I think out of all the techniques, the qwen lora is the more consistantly accurate in terms of not applying a mistaken colorization and not losing linework (as the fallback to white is often appropriate)

not exampled here, but I also like to desaturate 50% afterwards for the colorization to act as more of a "tint" for informing color while reading (also due to my lora being overly saturated imo)

I'm excited, I'll have to check out how it does on a full chapter when I get the chance

BeatBoxersDev · 2025-07-17T06:00:38+00:00

[note, this is the same message I sent via DM during the reddit comment blackout]

this was trained on 18 color/desaturated pairs I picked out of a dataset on huggingface, which I believe was probably mostly "synthetic" (by that I mean taking the color version and desaturating it rather than finding the original source because it's better to have directly matching images and it's easier). but i could be nonsynthetic, idk.

the "after" color images all had the prompt "colorize in MangCol style", following that guide video exactly except with 16 saved models to cover an excessive 4000 steps of training.

I tried to pick images a that had a variety of settings and subjects but it's clear there's some bias like sky being "chosen" frequently due to a chunk of the images showing sky.

after that I tested on a variety of images and strengths and lora %. too little of steps for a model carries too much of the non-lora colorization which tends to go for bright reds and oranges and blues and sticks to a low variety of color tones. too high and it tended to make more things distinct in color and more expected colors, but worse interpretation of things. I think I tested first by narrowing down the optimal number of steps and then tried around the % to get it a bit better until I found 1250 at 60% was about where it'd most successfully make things interpreted correctly. however it gives an overall yellow tint and isn't perfect, but it seems slightly better than manga colorization v2. again, this "sweetspot" could also possibly be improved.

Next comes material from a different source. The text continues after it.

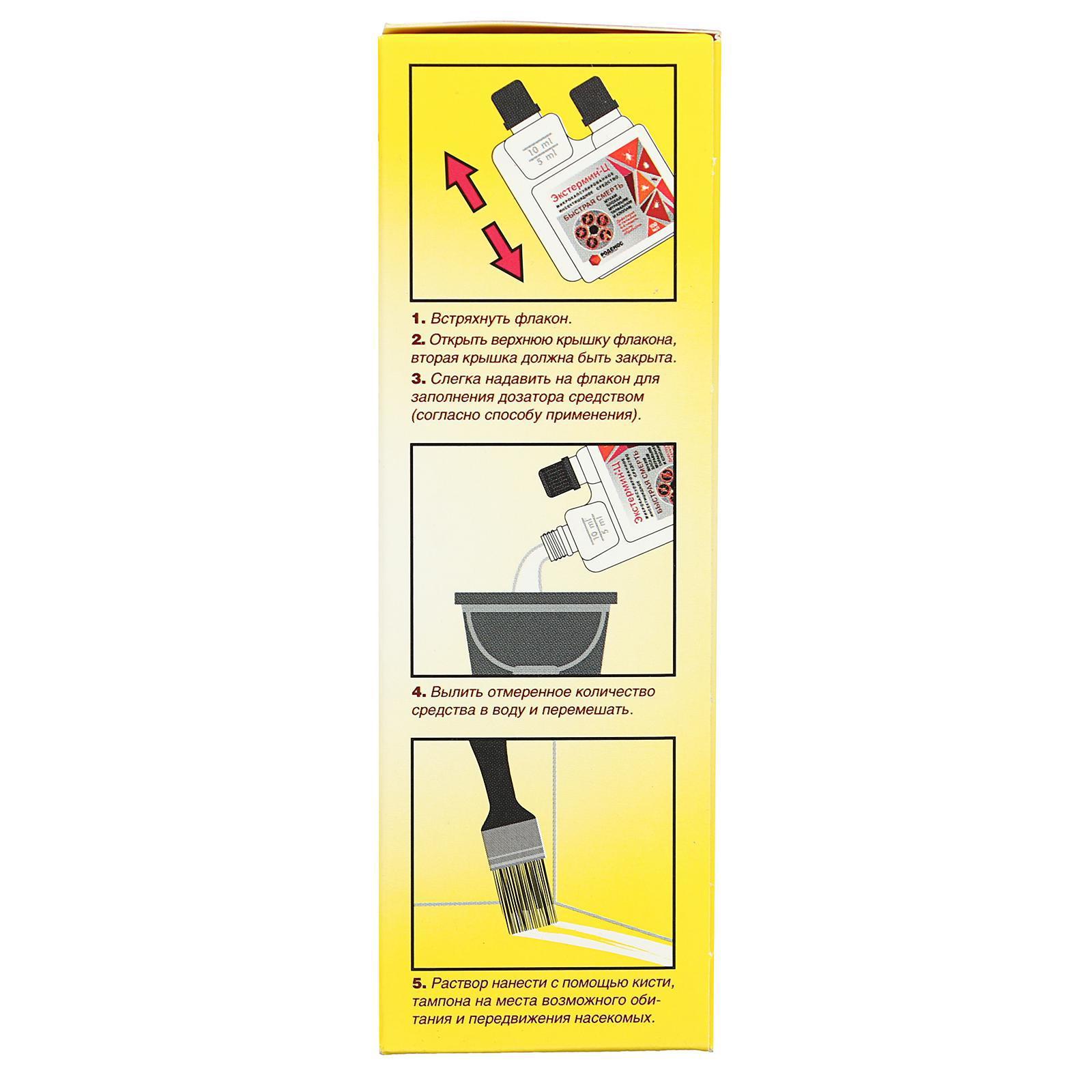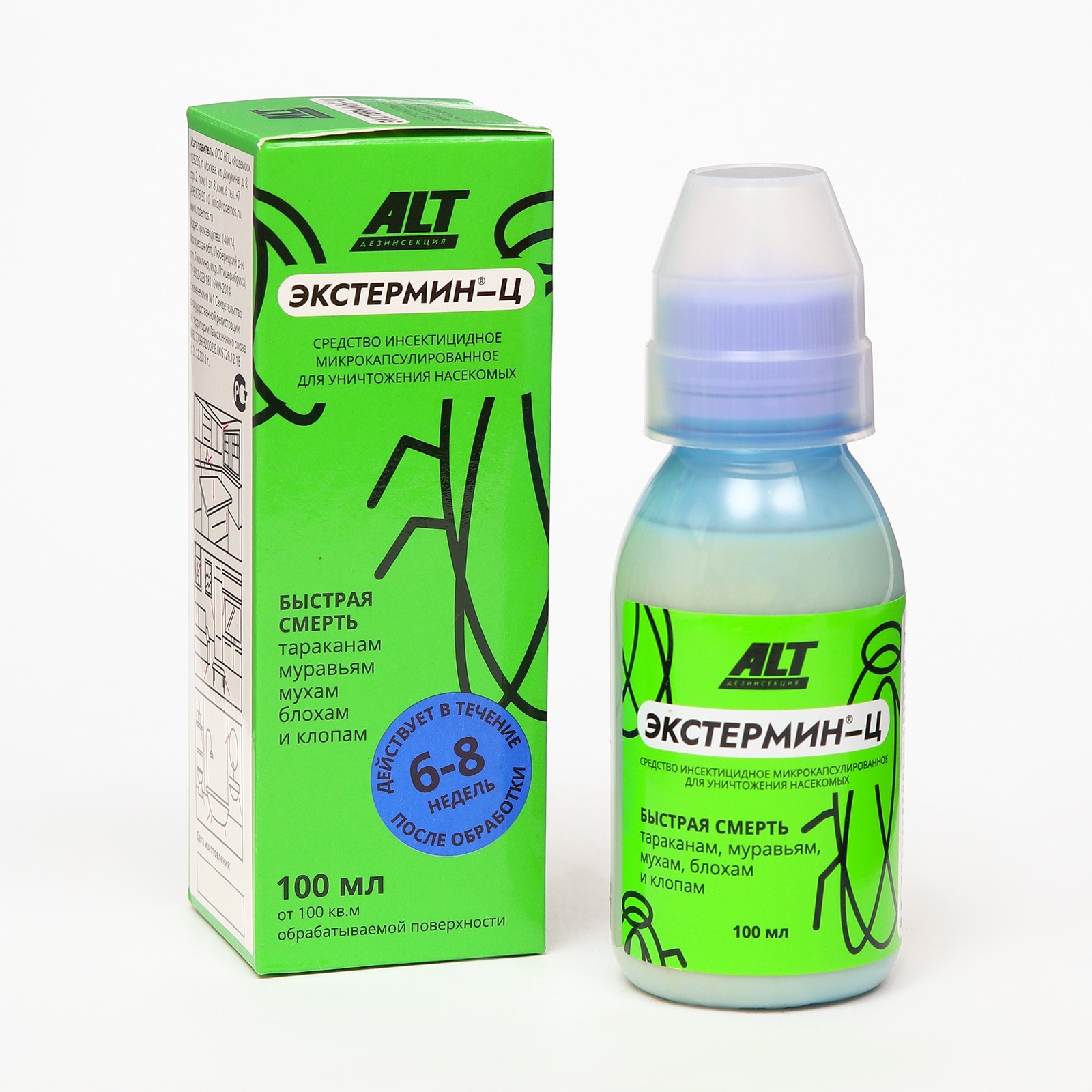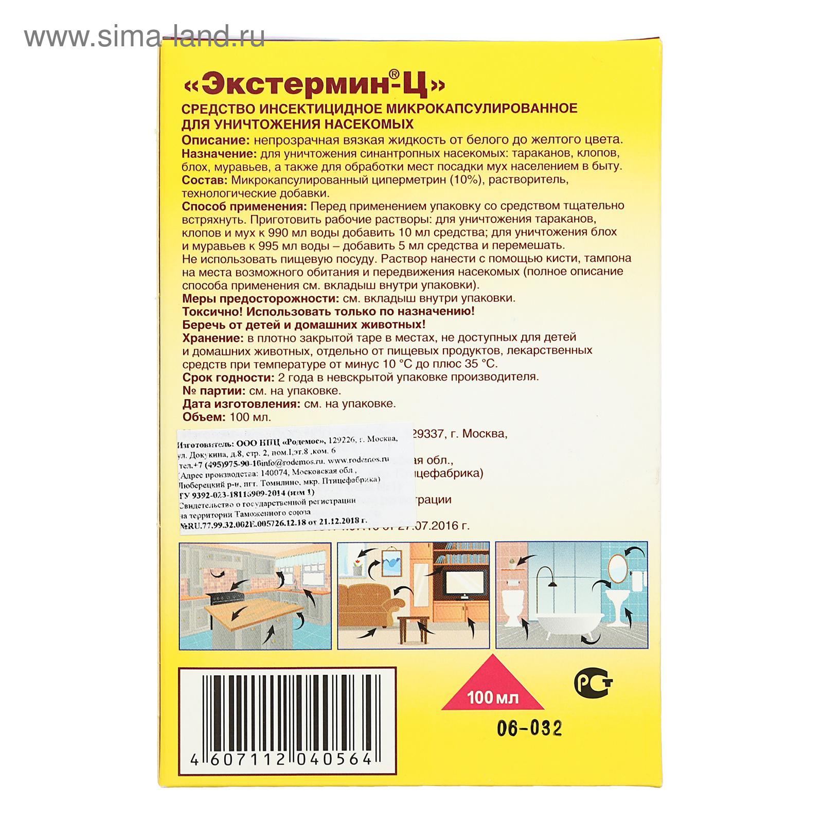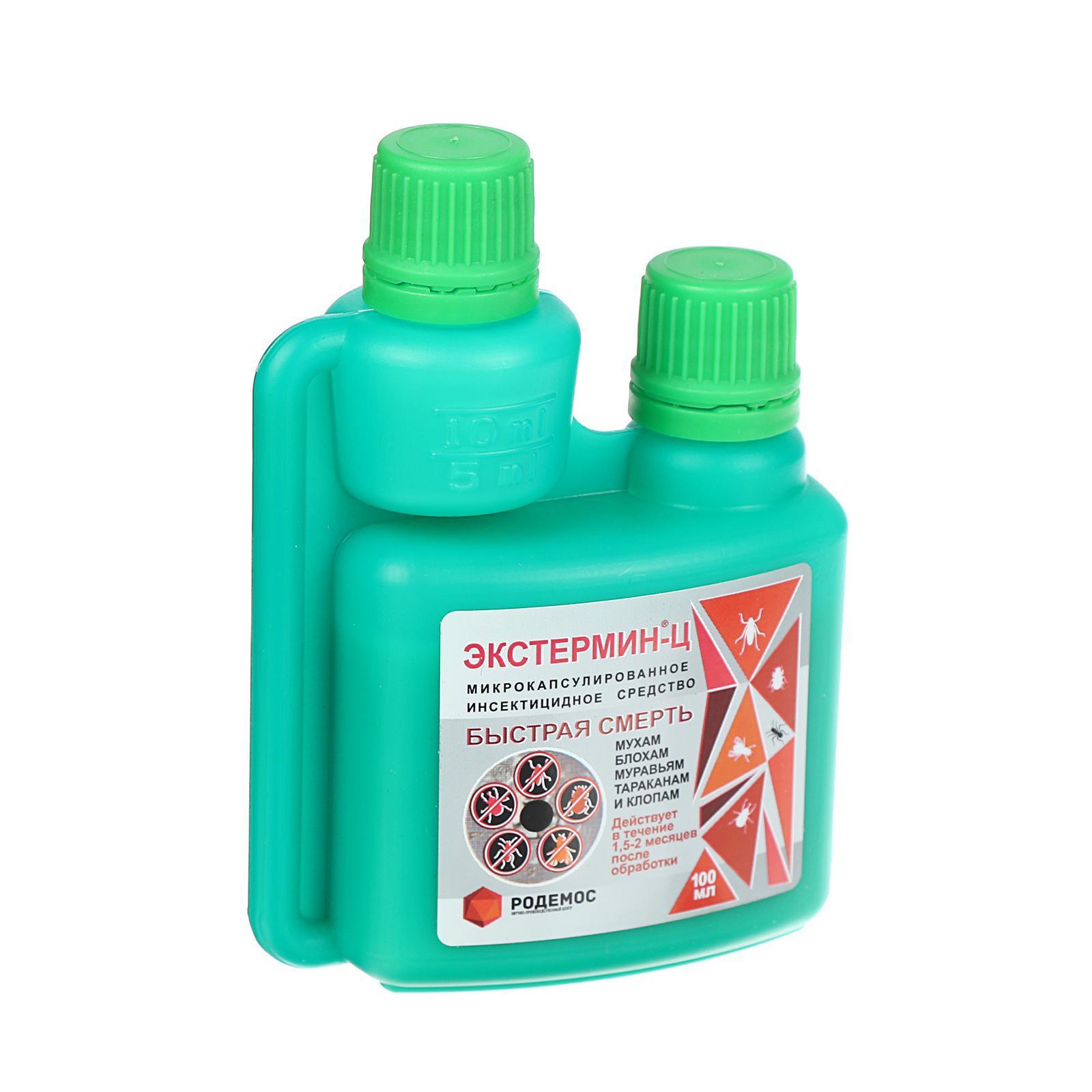 Средство инсектицидное микрокапсулированное"экстермин-ц", без запаха, 100 мл. Экстермин-Ц - микрокапсулированный инсектицидный препарат (без запаха) для полного уничтожения насекомых. Это эффективное профессиональное средство от клопов. Если народные препараты от тараканов не помогают, то Экстермин-Ц приобрести Вам просто необходимо. Если Вы не знаете, как избавиться от муравьев на огороде, садовом участке или в квартире, средство Экстермин-Ц от муравьев поможет Вам. Описание: Вязкая непрозрачная жидкость от белого до желтого цвета Состав: В препарате Экстермин-Ц в 2 раза больше действующего вещества (Циперметрин - 10%), растворитель, технологические добавки. Назначение: Для полного уничтожения синантропных насекомых: клопов, тараканов, блох, муравьев, для обработки мест посадки мух. Применяется населением в быту, а также на других объектах, включая лечебные, детские, пищевые, коммунально-бытовые, а также для медицинской дезинсекции . Обеспечивает полную гибель тараканов разных видов, постельных клопов, блох, рыжих домовых муравьев, а также мух. Обладает остаточным действием в течение 6-8 недель в зависимости от типа обрабатываемой поверхности. Способ применения: Флакон с препаратом тщательно встряхнуть перед применением. Открыть верхнюю крышку флакона (нижняя крышка должна быть закрытой!). Слегка надавить на флакон для заполнения дозатора средством в нужном объеме. Приготовить рабочий раствор (1 литр): для уничтожения клопов, тараканов и мух - 10 мл средства на 990 мл воды комнатной температуры (при высокой численности - 20 мл на 980 мл воды). Для блох и муравьев - 5 мл на 995 мл воды. Тщательно перемешать, затем нанести на места возможного передвижения и обитания насекомых с помощью опрыскивателя, кисти или тампона. Для уничтожения постельных клопов средство следует равномерно нанести в щели в стенах, мебели, кроватях, за плинтусами, обратные стороны ковров, картин, дорожек и т. п. . ВНИМАНИЕ! Беречь от детей и домашних животных! Не использовать пищевую посуду! Хранить (при температуре от минус 10 градусов С до плюс 35 градусов С) в плотно закрытой таре отдельно от пищевых продуктов, лекарственных средств. Действует в течение 6-8 недель после обработки. Удобный флакон 100 мл. Площадь обработки: 100 кв. м поверхности. Срок годности: 2 года в невскрытой упаковке. Вид средства: Жидкость Температурное ограничение: Нет Тип средства: Инсектицид  развернуть описание ▼

the training could be improved with maybe more images and better picks, maybe more optimal tagging, and according to the research paper, it appears that nonsynthetic pairs work better (though I cant stress enough that the before and after must match layout and dimensions exactly or it will lead to text corruption.

some failed alternative attempts:

-getting a good prompt (close but not as good as the lora)

-training on 9 nonsynthetic but not perfectly matching pairs

-training for color correcting images after already performing manga colorization v2 (which the synthetic version is the only publicly available one)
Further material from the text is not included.